▸ **WHAT YOU SHOULD DO**
Give back each entry exactly as written, apart from the pictures.
***** RAW DATA *****
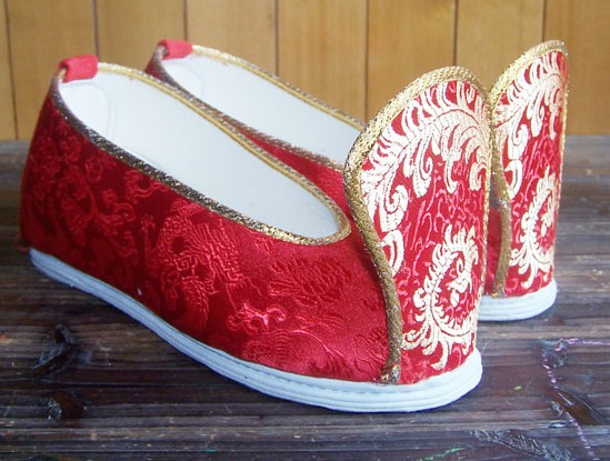 These exquisite traditional Chinese shoes feature vibrant red brocade fabric adorned with intricate gold embroidery, showcasing classic Eastern aesthetics. Designed with a durable white cloth sole and a supportive high back, they provide comfort while maintaining an authentic historical look. Perfect for pairing with Hanfu costumes, these shoes are ideal for traditional weddings, stage performances, and cultural festivals. Embodying ancient craftsmanship, they add a touch of elegance and auspicious charm to any traditional attire.
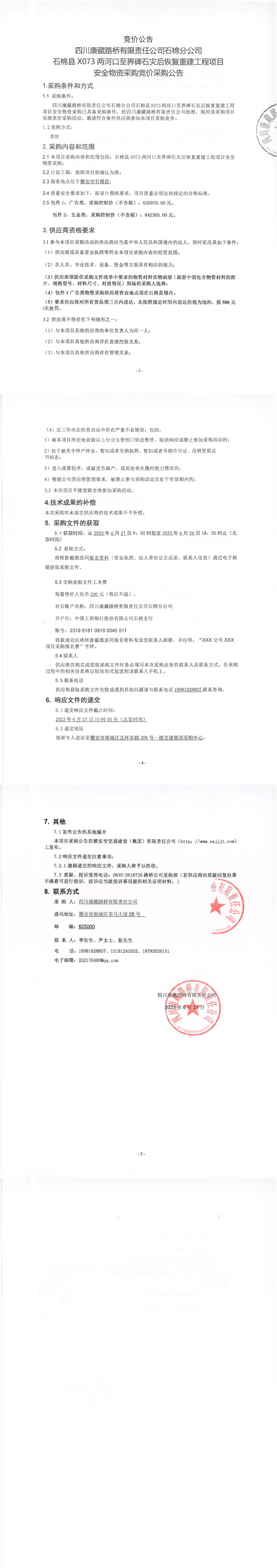 四川康藏路橋有限責(zé)任公司石棉分公司石棉縣X073兩河口至界碑石災(zāi)后恢復(fù)重建工程項目安全物資采購競價公告
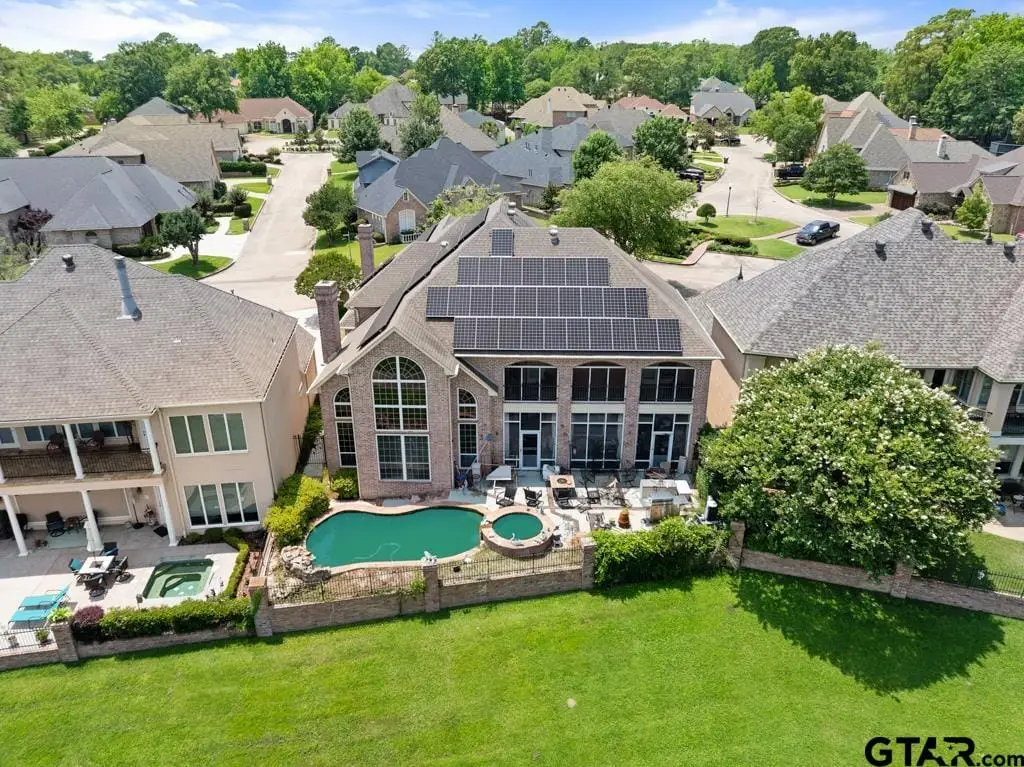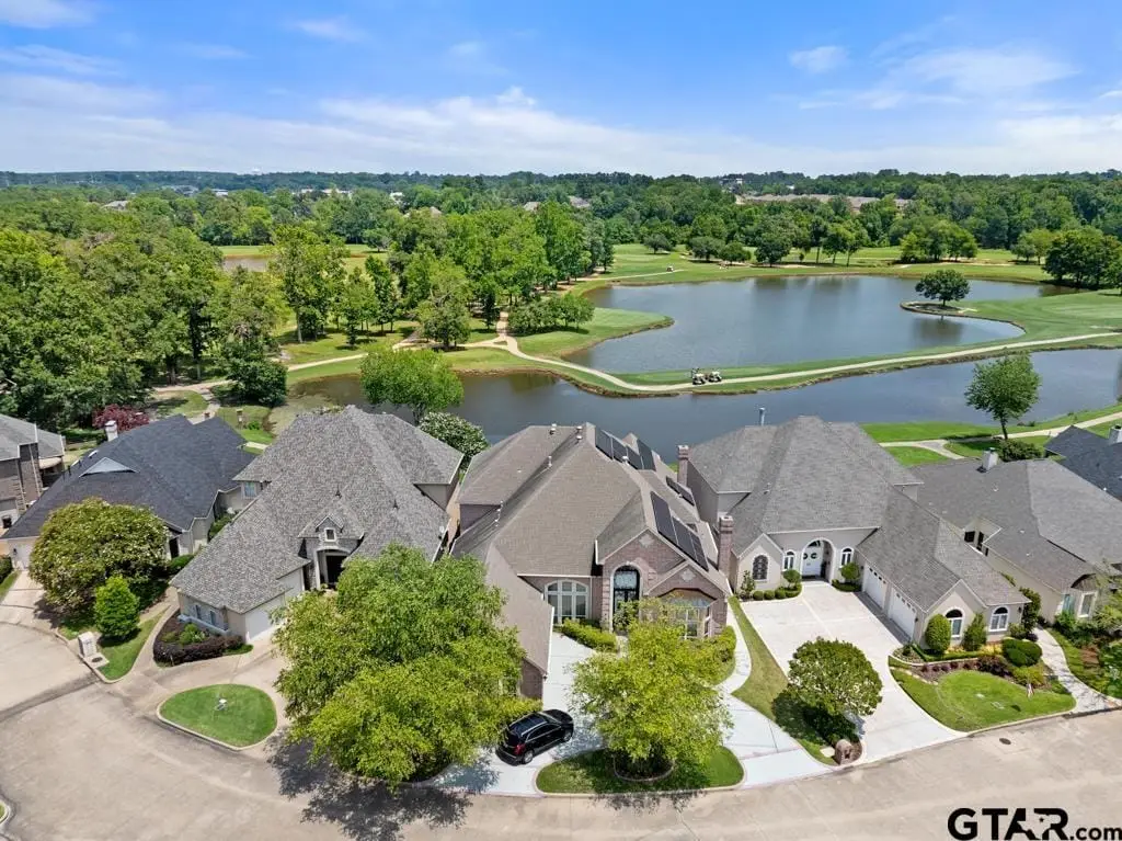 INTERIOR PICS TO BE POSTED AFTER ESTATE SALE. Rare opportunity to own one of only 12 homes in gated Winsford at Hollytree with direct views of the lakes and Hollytree golf course. With multiple living areas and the option for either one or two additional bedrooms this 3 bedroom 4 1/2 bath home is a great fit for a variety of lifestyles. The large primary suite with sitting area looks out to the beautiful views and has direct access to the pool and hot tub. Large primary bath with separate vanities, separate toilets, one with a bidet and his and hers closets have direct access to the utility room. Upstairs bedrooms both have golf course views and access to a large balcony, jack and jill bath and another living area with built-in desk and cabinets. Updates include new roof, gutters and downspouts August, 2025, new 5 ton exterior HVAC unit August, 2025 and new Kitchen Aid double ovens and built-in refrigerator. Don't miss your opportunity to own in one of the most beautiful subdivisions in Tyler, call for your private showing today!
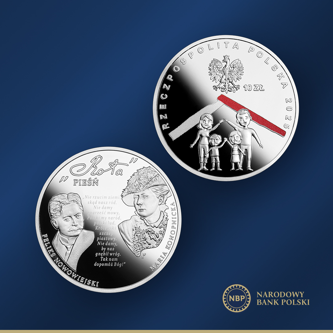 Narodowy Bank Polski poinformował, że od jutra będą dostępne w sprzedaży srebrne monety kolekcjonerskie „Pieśń »Rota«” z serii „W Polskę wierzę”.
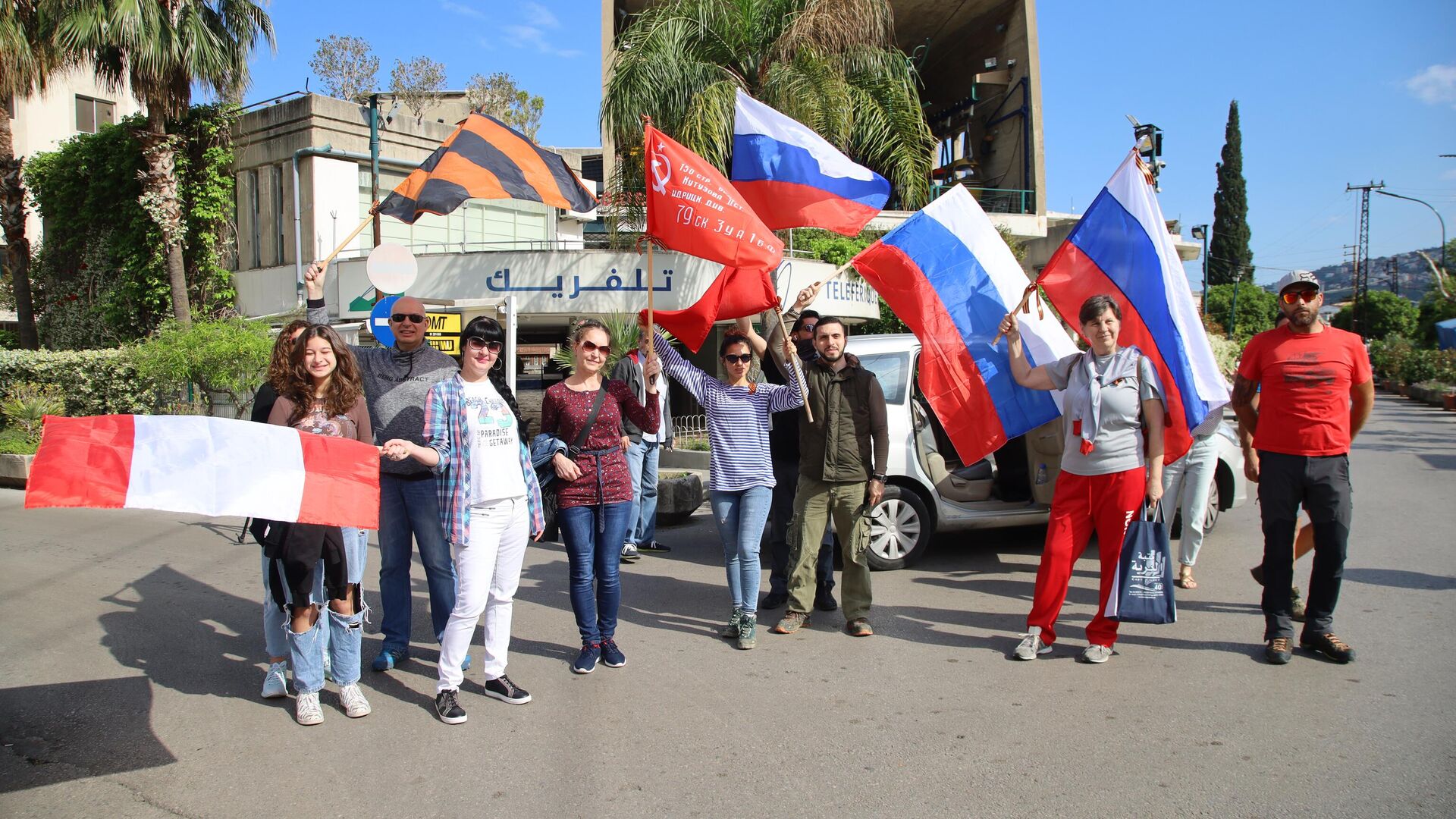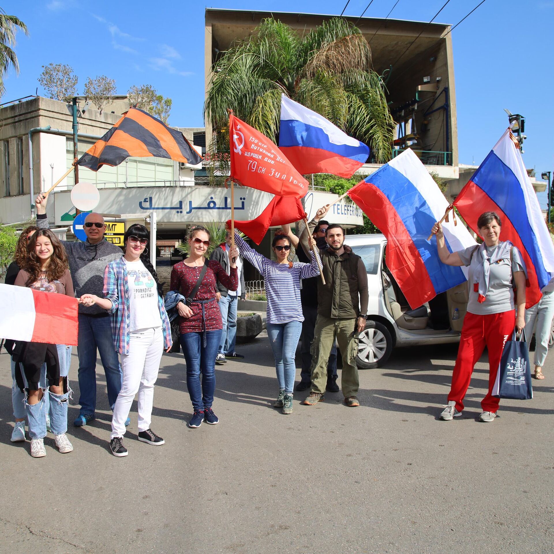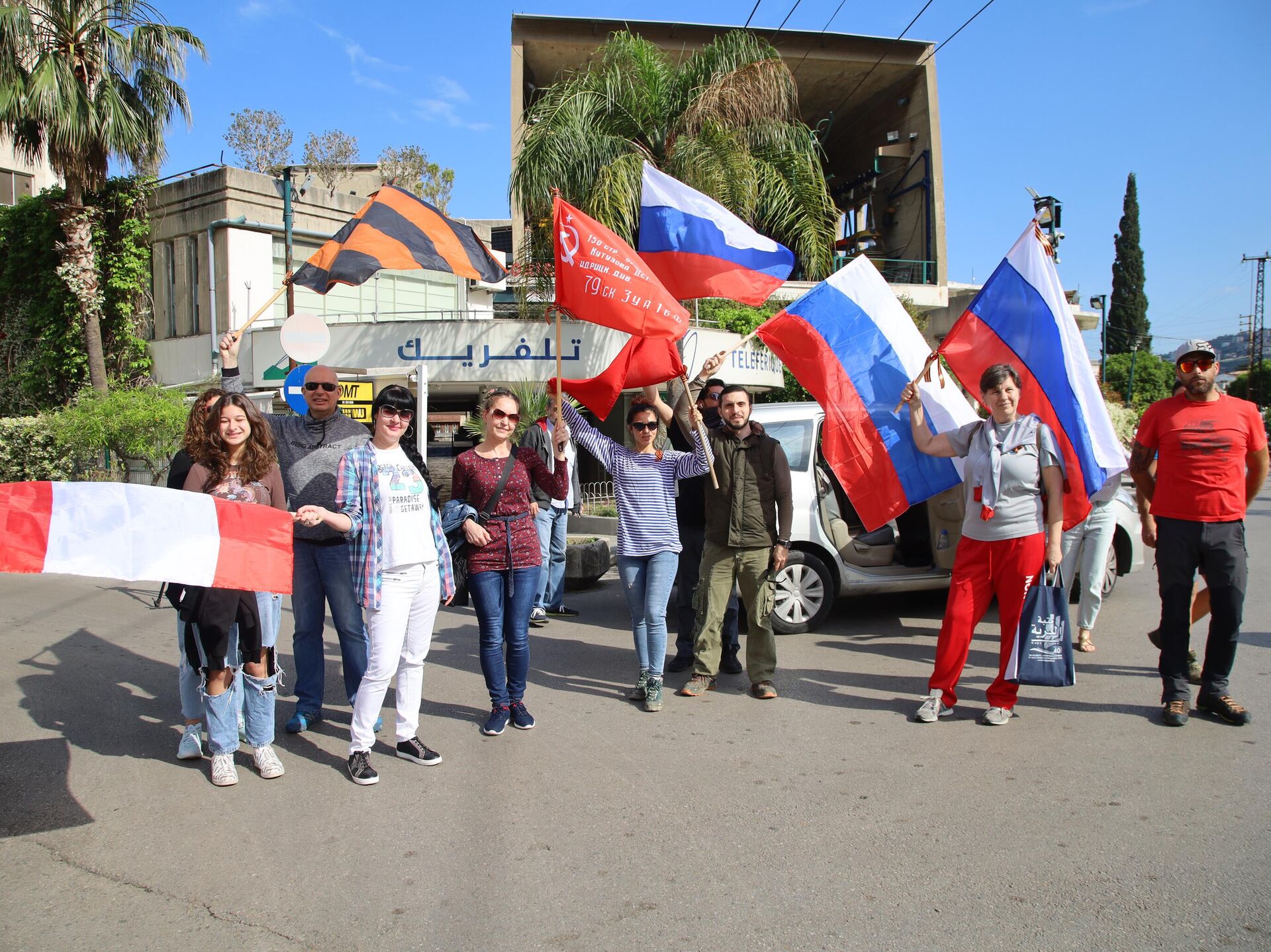 ورفع المشاركون الأعلام الروسية واللبنانية، وعلم الاتحاد السوفياتي، وعلم النصر طوله 7 أمتار.
*****
▸ **SOLUTION TO THIS EXERCISE**
 These exquisite traditional Chinese shoes feature vibrant red brocade fabric adorned with intricate gold embroidery, showcasing classic Eastern aesthetics. Designed with a durable white cloth sole and a supportive high back, they provide comfort while maintaining an authentic historical look. Perfect for pairing with Hanfu costumes, these shoes are ideal for traditional weddings, stage performances, and cultural festivals. Embodying ancient craftsmanship, they add a touch of elegance and auspicious charm to any traditional attire.
 四川康藏路橋有限責(zé)任公司石棉分公司石棉縣X073兩河口至界碑石災(zāi)后恢復(fù)重建工程項目安全物資采購競價公告
 INTERIOR PICS TO BE POSTED AFTER ESTATE SALE. Rare opportunity to own one of only 12 homes in gated Winsford at Hollytree with direct views of the lakes and Hollytree golf course. With multiple living areas and the option for either one or two additional bedrooms this 3 bedroom 4 1/2 bath home is a great fit for a variety of lifestyles. The large primary suite with sitting area looks out to the beautiful views and has direct access to the pool and hot tub. Large primary bath with separate vanities, separate toilets, one with a bidet and his and hers closets have direct access to the utility room. Upstairs bedrooms both have golf course views and access to a large balcony, jack and jill bath and another living area with built-in desk and cabinets. Updates include new roof, gutters and downspouts August, 2025, new 5 ton exterior HVAC unit August, 2025 and new Kitchen Aid double ovens and built-in refrigerator. Don't miss your opportunity to own in one of the most beautiful subdivisions in Tyler, call for your private showing today!
 Narodowy Bank Polski poinformował, że od jutra będą dostępne w sprzedaży srebrne monety kolekcjonerskie „Pieśń »Rota«” z serii „W Polskę wierzę”.
 ورفع المشاركون الأعلام الروسية واللبنانية، وعلم الاتحاد السوفياتي، وعلم النصر طوله 7 أمتار.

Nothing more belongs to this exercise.